# Urgence ! Decompresser des fichiers sous Mac OS 9



## backside (18 Mars 2011)

Bonjour à tous,

Pour mon travail j'ai besoin d'ouvrir des fichiers créer sous Mac OS 9. Est-ce que l'un d'entre vous aurait encore ça sous la main et puisse me faire ça ?!

Merci d'avance pour votre aide


----------



## gmaa (18 Mars 2011)

Il faut en dire plus...
Quels fichiers : applis les ayant créés, extensions (s'il y en a - puisque pour apple c'est différent), &#8230;


----------



## backside (18 Mars 2011)

Je ne connais le nom du type de compression mais ma collègue me dit que c'est auto-extractable. Il y a une série de fichiers à copier sur le bureau, et il faut cliquer sur un fichier en particulier qui à une extension en .'M


----------



## gmaa (18 Mars 2011)

backside a dit:


> Je ne connais le nom du type de compression mais ma collègue me dit que c'est auto-extractable. Il y a une série de fichiers à copier sur le bureau, et il faut cliquer sur un fichier en particulier qui à une extension en .'M



.'M = ?    ?

Si ce sont des .sit il se peut que Stuffit sache extraire.
Des .cpt c'est foutu
.doc, .xls, .ppt (fichiers Office et compatibles) on doit pouvoir récupérer des choses.
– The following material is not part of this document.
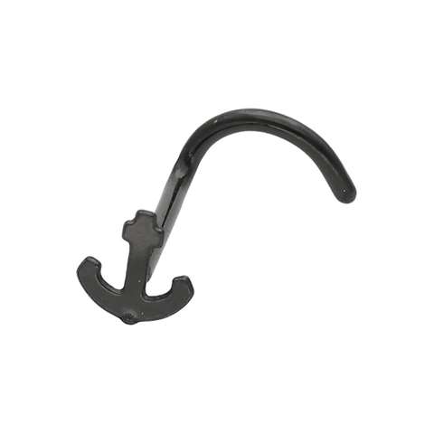 Piercing de nez en acier noir chirurgical, courbé avec une ancre

Sinon trouver quelque part quelqu'un qui tourne encore sous ce système.
Rosetta permettait de faire tourner des logiciels PPC. C'est peut-être une piste.


----------



## backside (18 Mars 2011)

Apparemment les fichiers sont "normaux", et effectivement la solution serait de trouver quelqu'un qui a encore ce vieux dinosaure sous la main et qui pourrait m'ouvrir ça...


----------